Sum of two polyhedra is a polyhedron I'm reviewing for a midterm next week in an optimization course. Currently, I'm having a great deal of trouble with a review problem. The problem is as follows:
Let P and Q be polyhedra in R^n. Let P+Q = {x + y | x in P and y in Q}.
(a) Show that P+Q is a polyhedron
(b) Show that every extreme point of P+Q is the sum of an extreme point of P and an extreme point of Q.
First, I know this question has been asked on here before, but, due to the OP's lack of info, it went pretty much unanswered.
My attempt has been as follows:
My professor says P is a polyhedron if P can be written in the form P = { x in Rn | ai'x >= bi, for i = 1,...,m} equivalently, if A is the matrix with row vectors ai, we have P = {x in Rn | Ax >= b}.  So a polyhedron is the intersection of a finite number of half spaces. However, after this, I'm entirely lost.
I have that z = x+y, but cannot begin to show how or why the sum of any arbitrary x from P and y from Q must lie in a polyhedron. I tried to show that z satisfied (ai+hi)*z >= bi + gi, ai and hi are the constraints that x and y satisfy respectively, but I don't think that is true. Any advice as to how I could approach this problem / what is wrong with my approach would be greatly appreciated.
 A: a) 
Let $P=\{x|Ax\ge a\}, Q=\{y|By\ge b\}$.
Now define $M=\{(x,y,z)|Ax\ge a, By \ge b, z=x+y\}$.
$P+Q$ is the projection of $M$ on the $z$ coordinates, therefore a polyhedron.
b)
We want to show that $x$ must be an extreme point in $P$, if $z=x+y$ is an extreme point in $P+Q$
First let's assume that $x$ is not an extreme point in $P$, i.e. there are $x_1,x_2\in P\backslash\{x\}$ and $0<\lambda<1$ s.t.

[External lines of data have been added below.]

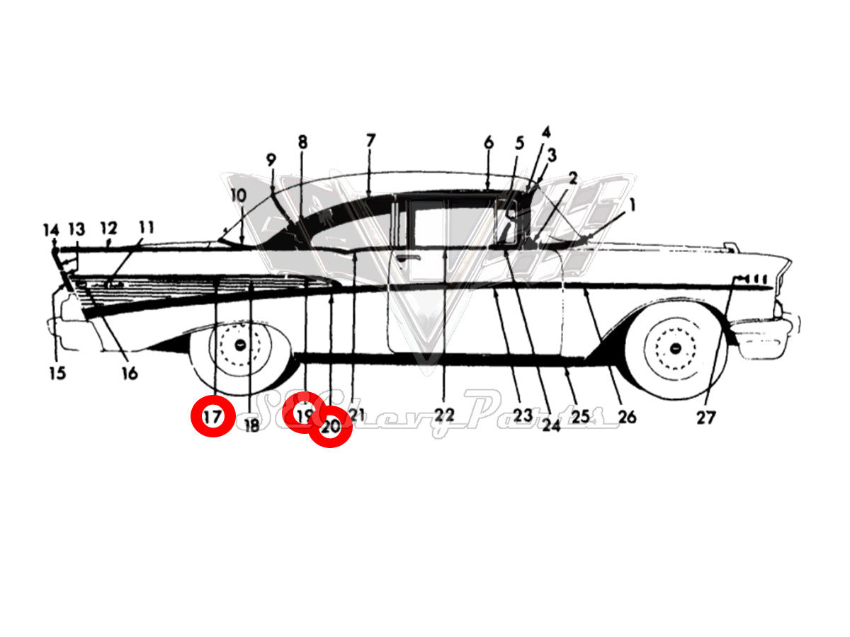 1957 Chevy Bel Air 210 Rear Quarter Molding Trim Set RIGHT RESTORED
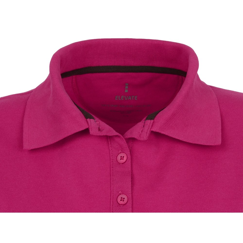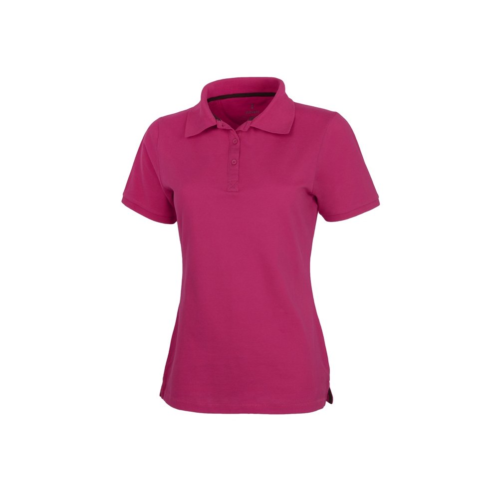 - Женская рубашка поло с короткими рукавами Calgary. Стандартный покрой. Опущенный плечевой шов, цепная строчка. Мужская и детская модели на двух пуговицах. Женская модель с планкой на три пуговицы. Боковые разрезы с атласной лентой внутри. Детали со швами Pick-Stitch. Принт лого сзади в тон изделия. Атласная лента внутри горловины. Полумесяц. Резинка 1х1 на воротнике и манжетах. Трикотажное пике, 100% хлопок. 200 г/м².
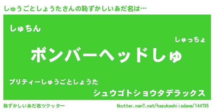| ヘコむあだ名 | 『しゅうごとしょうた(笑)』『つくし』 |
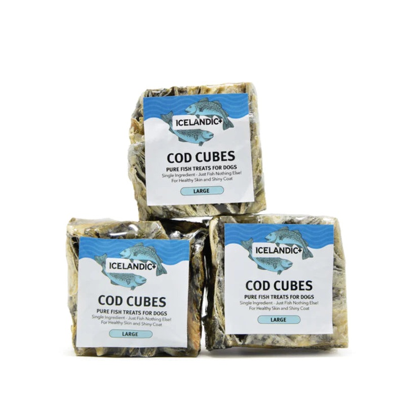 Our 100% natural and edible Icelandic Cod SkinLarge Cube is a single ingredient dog treat and contains no additives, preservatives or supplements. The Large Cube is dense and is a bit larger than 2″x 2″x 2″ (6cm x 6cm x 6cm) They come only from the pure icy waters of Iceland and are line-caught daily and processedimmediately. Not only are they delicious for your dog, they reduce tartar and plaque build-up for healthier gums and teeth. They are also a great natural source of Omega-3 fatty acids, promoting healthy skin and coat for your pet. With just one ingredient, these tasty and healthy treats are perfect for dogs with protein sensitivities. Our natural and edible fishproductsoffer peace of mind, as they are cleaned and air-dried within FDA, USDA, EU, and MAST standards and regulations. Because Iceland almost never gets warm, our fish always remain cold after being caught. As a result, they have less smell than other fish treats in the market.
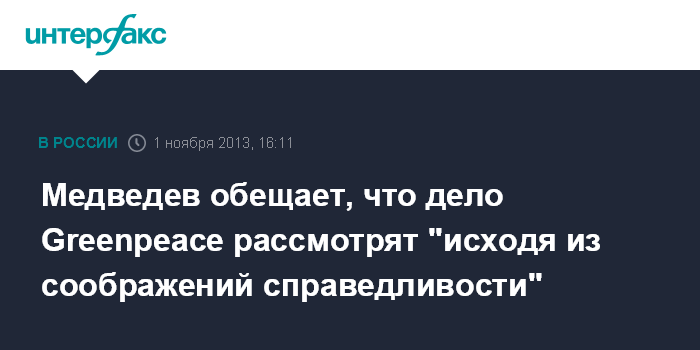 Москва. 1 ноября. INTERFAX.RU - Премьер-министр РФ Дмитрий Медведев заверил своего французского коллегу, что дело активистов движения "Гринпис" будет рассмотрено справедливо, в строгом соответствии с российским законодательством.
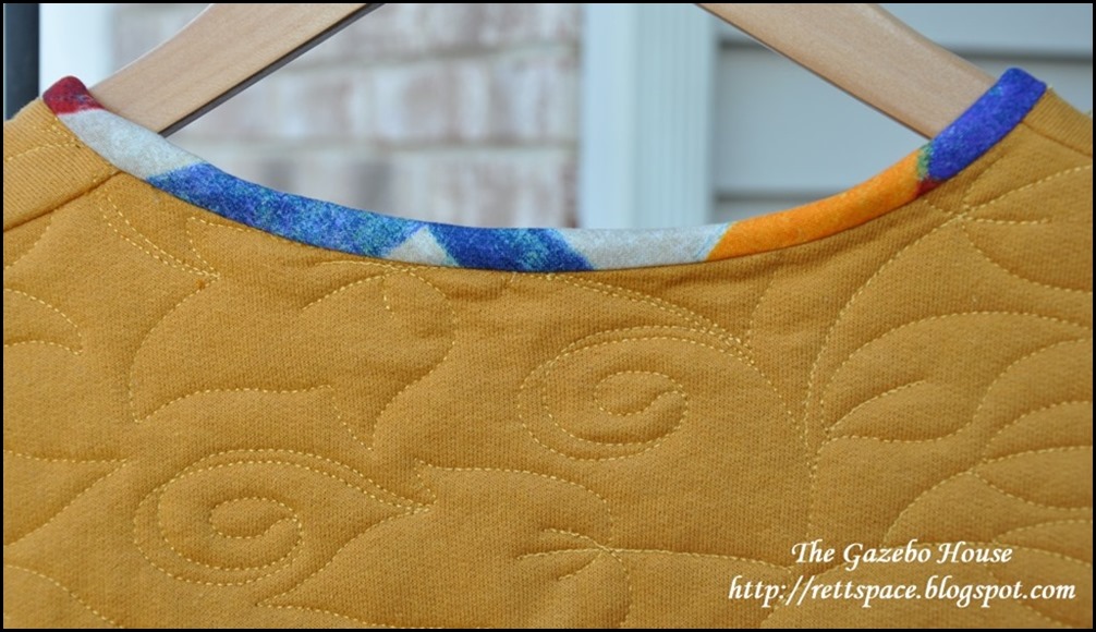 I cut apart a honey colored sweatshirt, laid it on my longarm & quilted the front, back & sleeves.
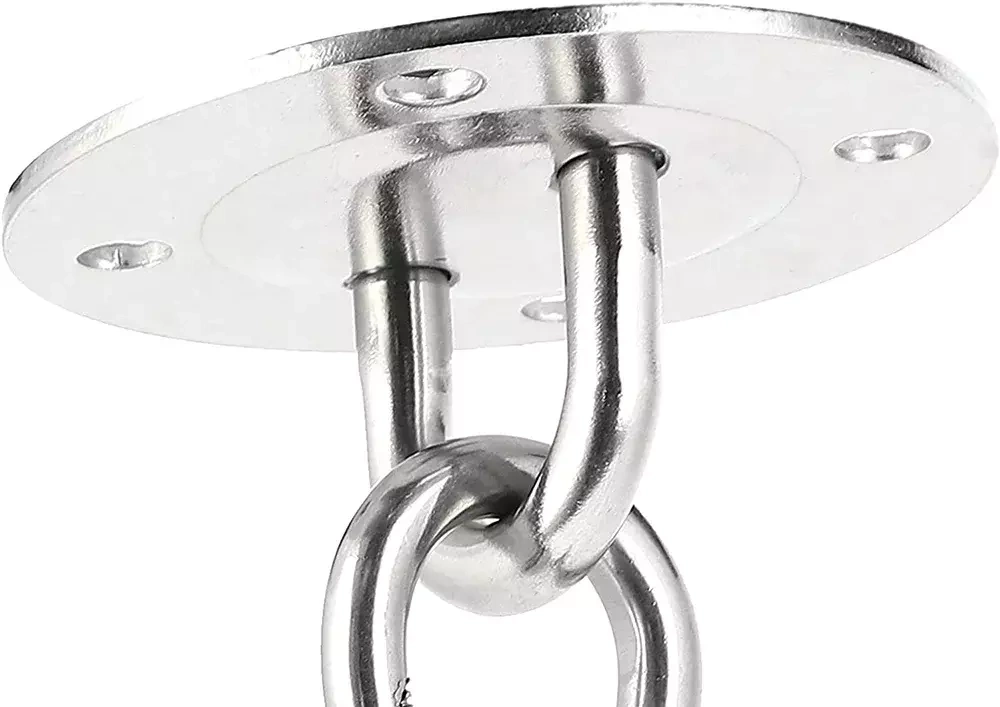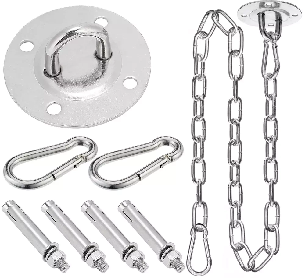 Montageset für Hängesessel, Schaukeln, Hängematten | Halterung, Kette 1,5 m, 2x Karabiner, 4x Dübel | ACS-08-silber

$$\lambda x_1 + (1-\lambda) x_2 = x$$
Since $x_1, x_2\in P$, also $z_1:=x_1+y, z_2:=x_2+y\in P+Q$ (this is how $P+Q$ is defined).
As you might have guessed, $\lambda z_1 + (1-\lambda) z_2 = z$ (it's easy to check this, just replace the $z_1, z_2$ with their definition, expand and simplify).
But wait, we depicted $z$ as a linear combination of elements of $P+Q$(to be formally correct: $0<\lambda<1,\;z_1,z_2\in (P+Q)\backslash\{z\},\;\lambda z_1+(1-\lambda)z_2 = z$)
Hence $z$ cannot be an extreme point in $P+Q$.
So we showed if $x$ is not an extreme point in $P$, then $z=x+y$ cannot be an extreme point in $P+Q$.
Apply the contraposition and you're done: If $z=x+y$ is an extreme point in $P+Q$ then $x$ is an extreme point in $P$.
Note that $x, P$ and $y, Q$ are mutually interchangable.
A: My answer for (a):
Let $C = \{(x, y) \mid x \in P, y \in Q\}$, clearly, $C$ is a polyhedron.
Define a linear transformation $T: R^n \times R^n \to R^n$ by $T(x, y) = x + y$. Then $P+Q$ is the image of $C$ under $T$.
By theorem 19.3 in convex analysis, R.T. Rockfeller, we conclude $P+Q$ is a polyhedron.